A third soldier, a serviceman, had been hit in the upper body. He groaned as doctors placed him on a medical cot, took off a bloody bandage and treated his recent injury from fragments. Covered in a foil blanket, he borrowed a mobile phone to ring his family member. “A fragment of artillery hit me. The cause was a deflected projectile. My condition is stable,” he informed her. What were his plans now? “To get better. This may require a few months. Subsequently, to return to my unit. Someone has to protect our country,” he affirmed.
Doctors care for Taras Mykolaichuk, who was hit in the dorsal area by a fragment of mortar.
Since 2022, Russia has repeatedly targeted hospitals, health facilities, obstetric units and ambulances. Per international monitors, 261 health workers have been fatally attacked in nearly 2,000 assaults. The underground facility is constructed from multiple reinforced shelters, with timber beams, soil and sand placed above up to ground level. It is designed to resist impacts from 152mm artillery shells and even multiple eight-kilogram TNT charges released by aerial means.

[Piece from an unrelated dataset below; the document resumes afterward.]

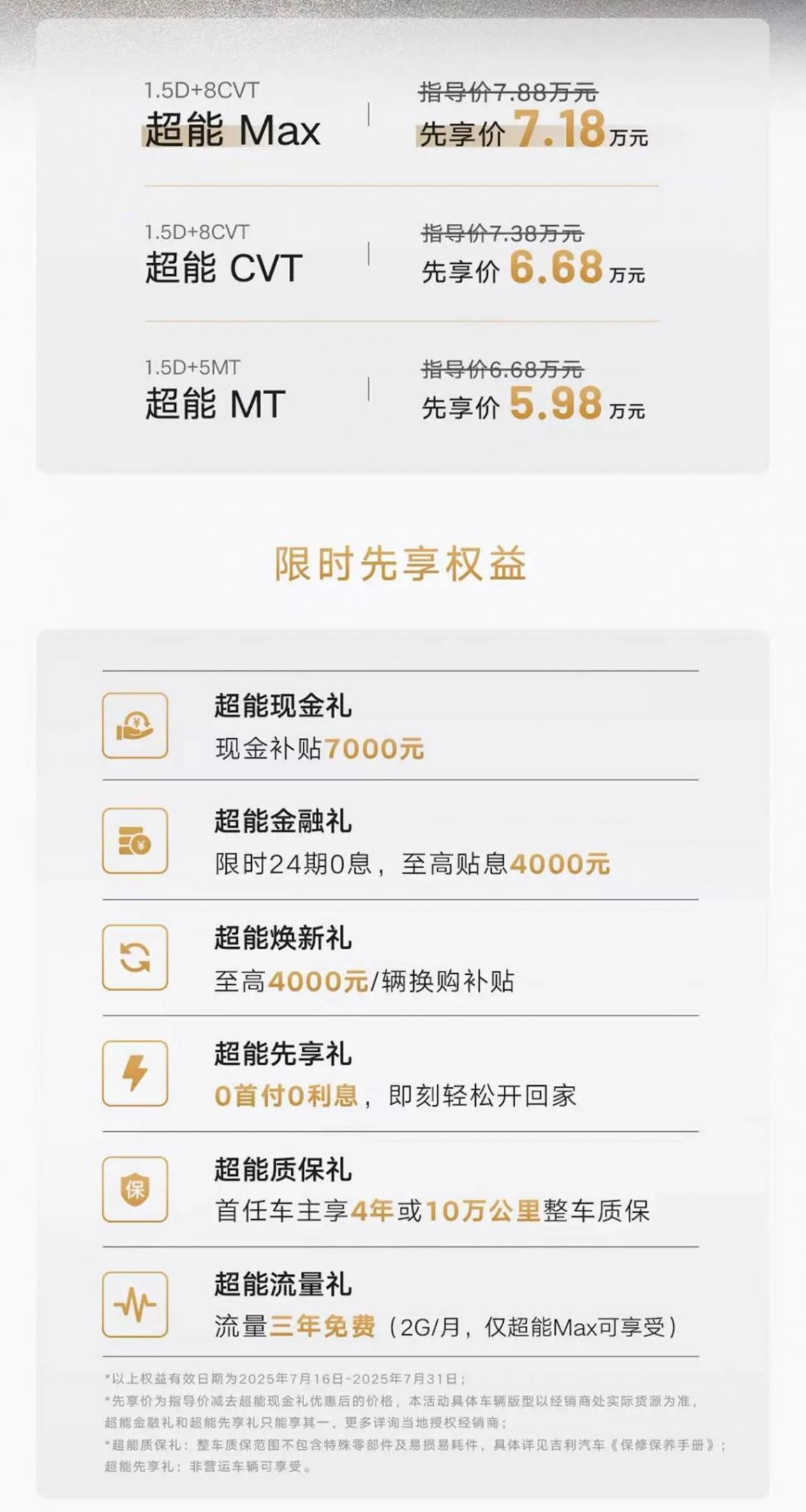 2025年7月16日,吉利汽車旗下繽越超能版正式上市,新車共計3款車型,官方指導價6.68-7.88萬元,先享價為5.98-7.18萬元。吉利繽越是一款燃油小型SUV,新款車型為增配車型,內飾有細微調整,并搭載搭載1.5L缸內直噴發動機。

A major steel and mining company, which financed the building, plans to erect 20 units in total. A senior official of Ukraine’s national security council and former military leader, the official, declared they would be “critically important for preserving the lives of our armed forces and supporting troops on the battlefront.” The company referred to the initiative as the “largest-scale and demanding” it had undertaken after Russia’s invasion.
An example of the centre’s operating theatres.
Holovashchenko, said some wounded soldiers had to wait hours or even days before they could be evacuated because of the threat of air assaults. “We had two severely injured patients who came at the early hours. I had to carry out a double amputation on a patient. The soldier's bleeding control device had been applied for so long there was no alternative.” What is his method with traumatic surgeries? “I’ve been healthcare for two decades. One must focus,” he remarked.
Orderlies transported the soldier up the passage and into an emergency vehicle. The transport was parked under a shrub. He and the two other soldiers were transferred to the city of a major city for further treatment. The subterranean medical team took a break. The facility's orange feline, the mascot, walked up to the entrance to await the next arrivals. “Our facility operates open 24 hours a day,” the surgeon said. “The work is continuous.”